宮崎県延岡市の元市職員、牧野義英さん(69)が、西南戦争最後の激戦地・和田越(わだごえ)の調査記録をまとめた「西南戦争~和田越ノ戦を語る戦争遺構」を出版した。地域一帯に眠る当時の塹壕(ざんごう)や砲台跡などの遺構約70カ所を解説している。
和田越は同市北部の郊外にある峠。牧野さんの実家近くの山林に戦跡があり、幼少時から人工的な溝や穴を不思議に思っていたのが遺構調査のきっかけだった。2019年1月から約1年半かけ、無鹿山・和田越・小梓(こあずさ)峠・長尾山の約3キロにわたる激戦地跡を踏査した。
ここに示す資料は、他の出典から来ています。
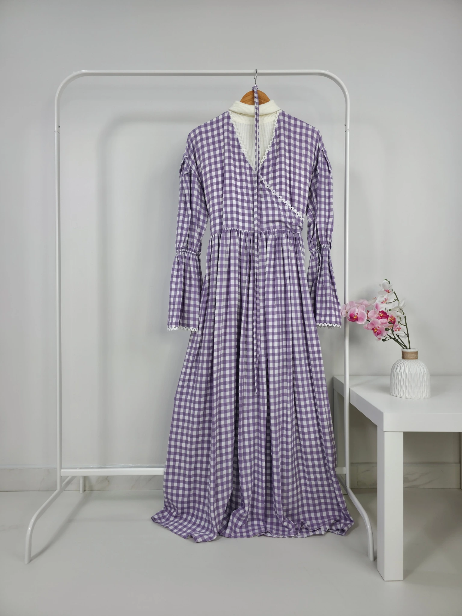 - Elegant long purple checkered (plaid) dress with delicate white lace accents that add a feminine touch. Features a wrap design with waist tie for a stylish and comfortable fit. The wide sleeves with lace trim enhance its charm, making it perfect for daily wear or casual occasions.
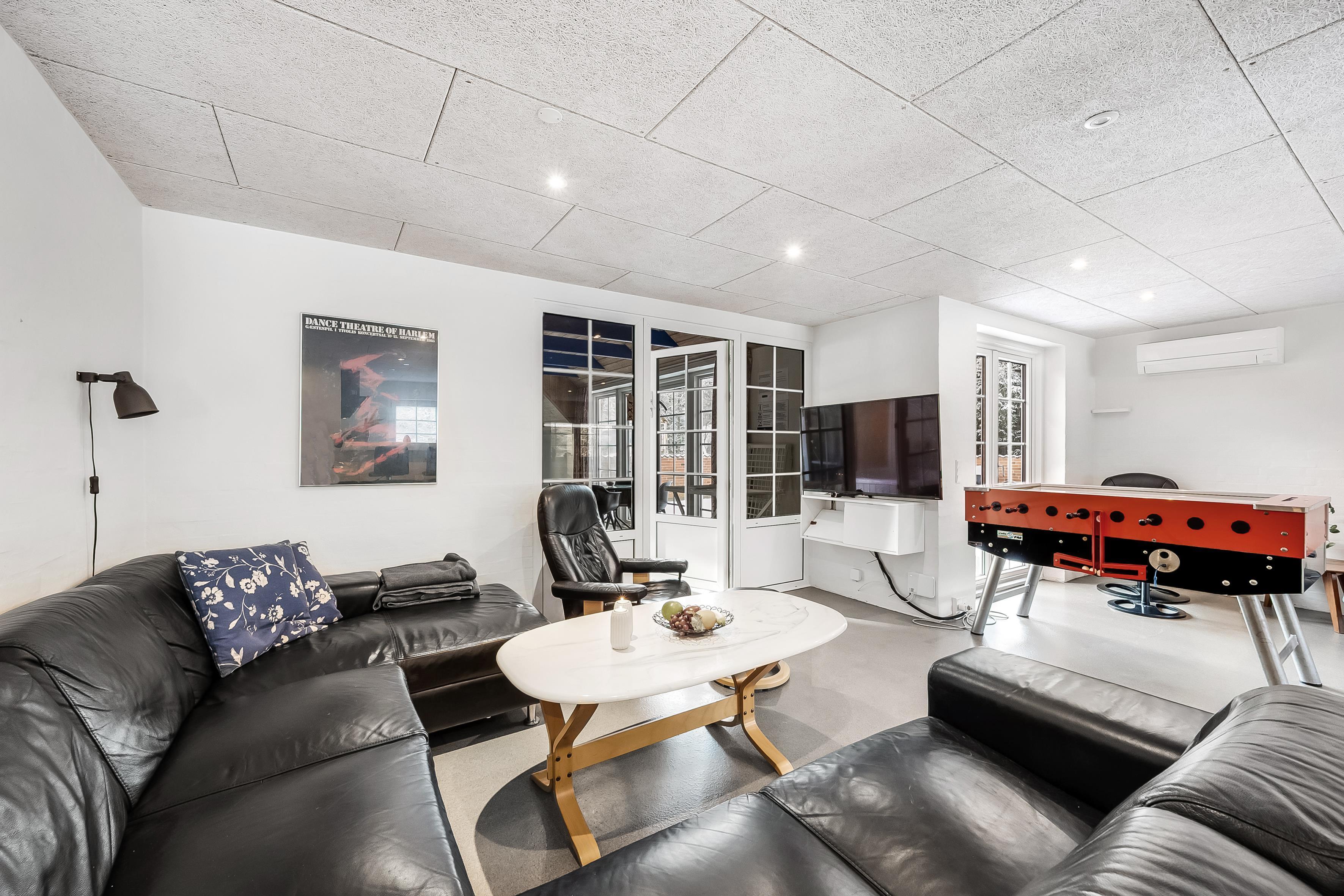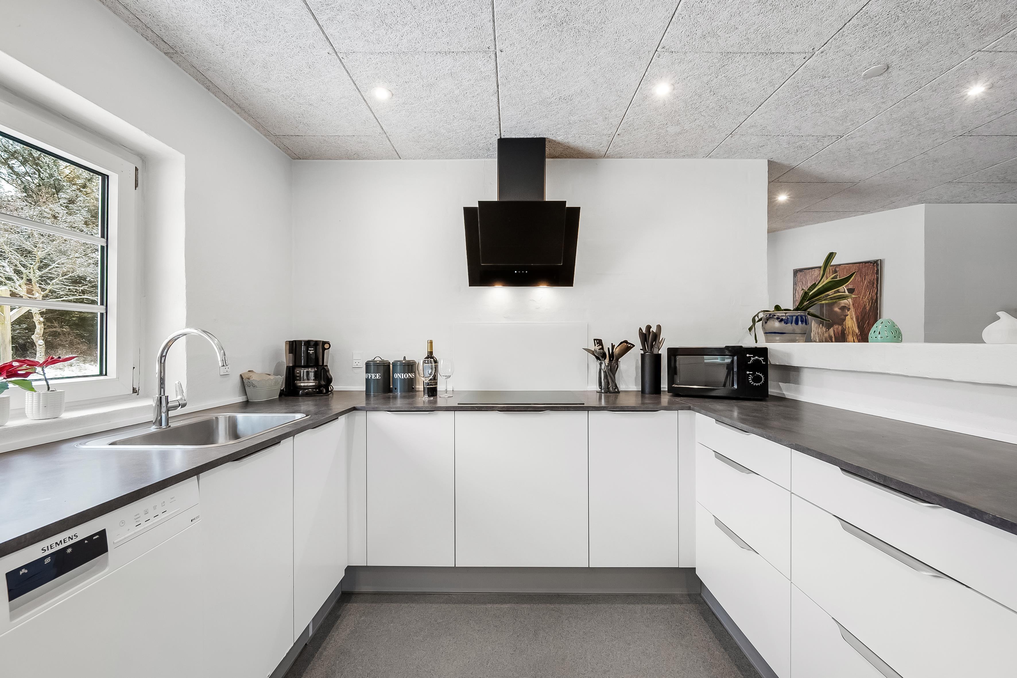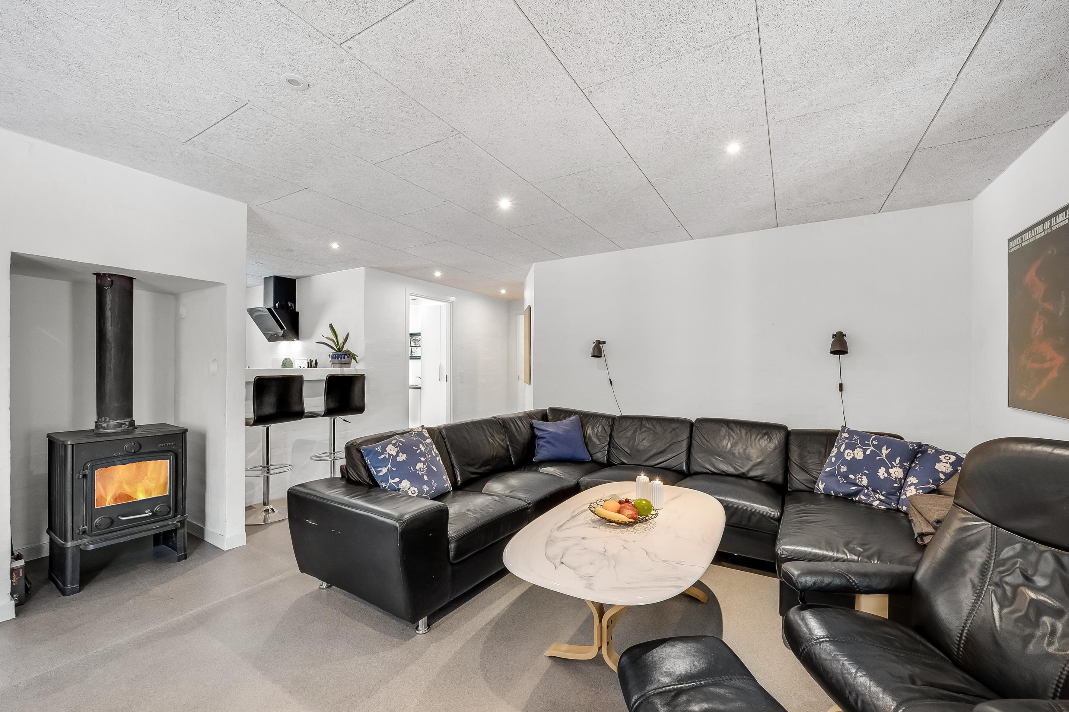 The bright kitchen-dining area forms the heart of the house with a well-equipped kitchen that includes an oven, 4 ceramic hobs, microwave, dishwasher, refrigerator, and a spacious 69-liter freezer. A wood-burning stove creates coziness and warmth in the open space. Relax in the lovely sofa arrangement in front of the large flat-screen TV with Chromecast, satellite, and radio. There is also wireless internet and an energy-efficient air-to-air heat pump.
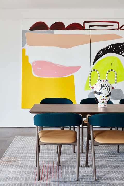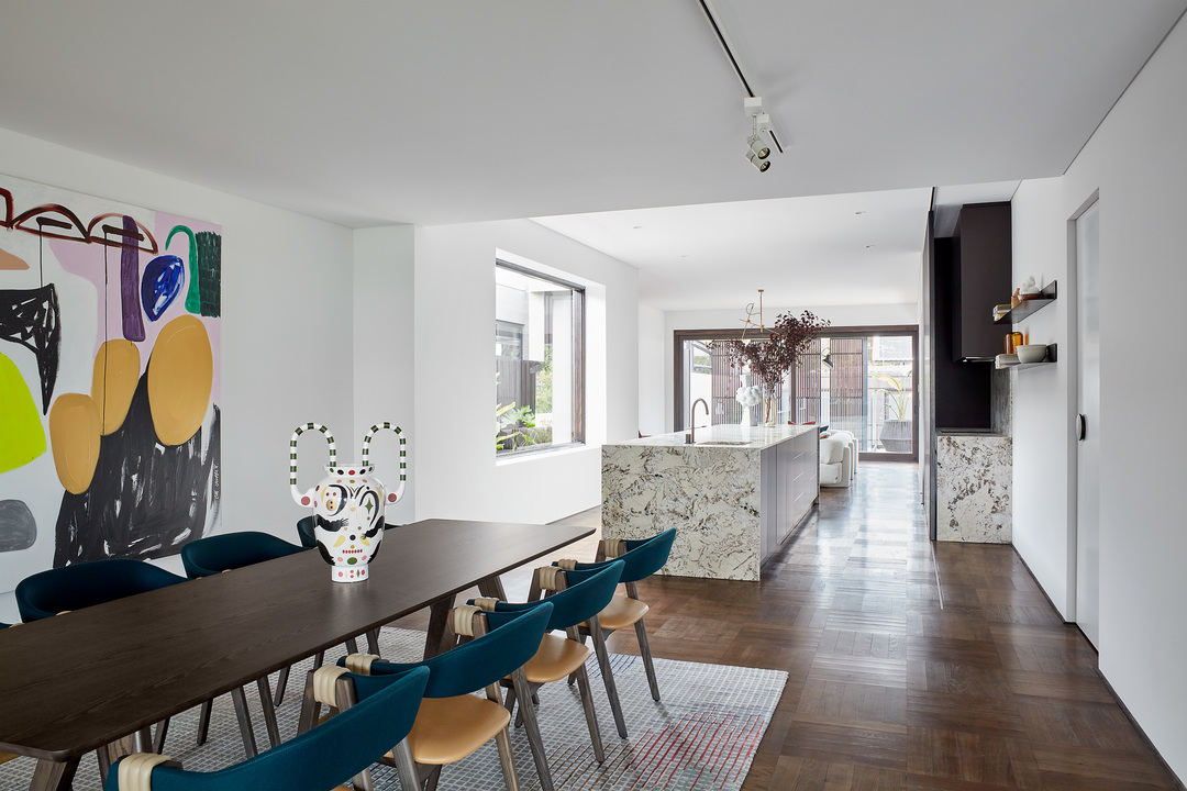 An abundance of sun is available in the front balcony – super architectural in its nature and providing an inner viewing to the timber battened operable shutters – where the grace of a welcoming, relaxed vibe of Urquiola’s Vimini collection by Kettal highlights a modern twist of traditional, elegant and warm materials.The warmth and colour from the outdoor area gently flows into the adjacent dining room, which is defined by Golran’s impeccable Meteo Rug by Inga Sempé that houses the dark-stained version of the Moroso Mathilda table and chairs, a stunning and vibrant entertaining area for the home owners.
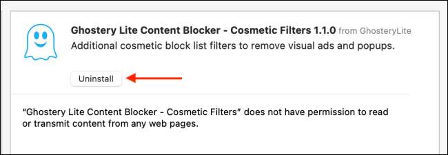 Khi tiện ích mở rộng bị xóa (chuyển sang thùng rác), bạn sẽ thấy rằng nó biến mất khỏi thanh mở rộng Safari và từ Safari Preferences.

調査の結果、遺構は薩軍構築と思われるのが18カ所、官軍構築とみられるのが48カ所、どちらか不明1カ所の計67カ所を確認。本では遺構の規模、位置を地図や写真付きで紹介している。牧野さんは「これほどの西南戦争の遺構が残るのは延岡だけだと思う。戦跡巡りなど観光資源としても活用できれば」と語る。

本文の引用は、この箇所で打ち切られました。